Einzelheiten aus den Schriften des “Logikers” Aristoteles
wurden aufgenommen, aus der Meteorologie, aus der ihm
zugeschriebenen Schrift Über die Welt, aus dem Buch der Tiere,
der Psychologie u. s. w., aber der Geist des Ganzen ist von
Pythagoras-Platon, von Stoikern und von späten Astrologen und
Alchemisten bestimmt. Menschliche Neugierde und frommer Sinn,
die Gottes Geheimnisse aus seinen Geschöpfen herauslesen
möchten, gehen dabei über das praktische Bedürfnis, das etwas
Rechenkunst für die Verteilung der Erbschaft und für den
Handel, auch etwas Astronomie für die Zeitbestimmung
gottesdienstlicher Verrichtungen brauchte, weit hinaus. Von
überall her holt man sich seine Weisheit herbei. Es bekundet
sich darin eine Gesinnung, die von Masudi richtig formuliert
wurde: es sei das Gute anzuerkennen, ob es sich beim Feinde
oder beim Freunde finde. Sollte doch Ali, der Fürst der
Gläubigen, gesagt haben: “Die Weltweisheit ist das verirrte
Schaf des Gläubigen, nimm es wieder auf, wenn auch von den
Ungläubigen”. [70]
2. Der Patron mathematischer Studien im Islam ist
Pythagoras. Zwar wird Griechisches und Indisches gemischt,
aber Alles unter neupythagoreische Gesichtspunkte gestellt.
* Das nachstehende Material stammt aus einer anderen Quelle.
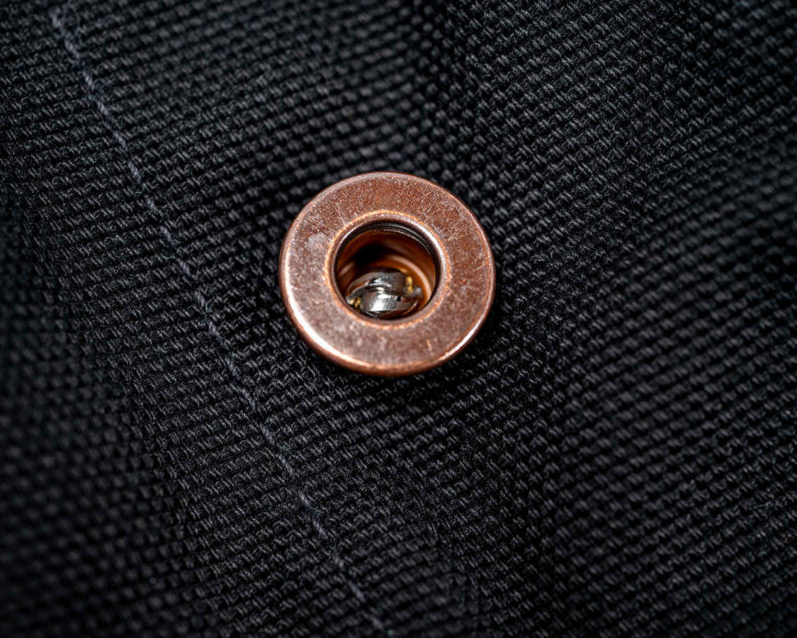 ブラックダックは表面は均一。これが着こんでこすれてくると徐々に表情が出てきます。実は、最初ブラックツイルも良いかな?と思い、同じぐらいの厚さの綾織生地(ツイル)で作っても見たのですが・・・うーん、やはりワークパンツはダックだなと思いなおし、結局ダックで作り直しました。

Ohne das Studium der mathematischen Disziplinen: Arithmetik
und Geometrie, Astronomie und Musik, wird Keiner, so heißt es,
zum Philosophen oder gebildeten Arzt. Die Zahlenlehre, höher
geschätzt als die Messkunde, weil sie weniger zur Anschauung
spricht und den Geist dem Wesen der Dinge näher bringen soll,
gibt zu den ausschweifendsten Spielereien Veranlassung. Gott
ist selbstverständlich die große Eins, von der Alles ausgeht,
selbst keine Zahl, sondern Ursache der Zahl. Vor allem aber
wird die Vierzahl, die Zahl der Elemente u. s. w., von den
Naturphilosophen bevorzugt. Bald kann man über nichts im
Himmel und auf Erden mehr reden und schreiben, es sei denn in
viergliedrigen Sätzen und viergeteilten Abhandlungen.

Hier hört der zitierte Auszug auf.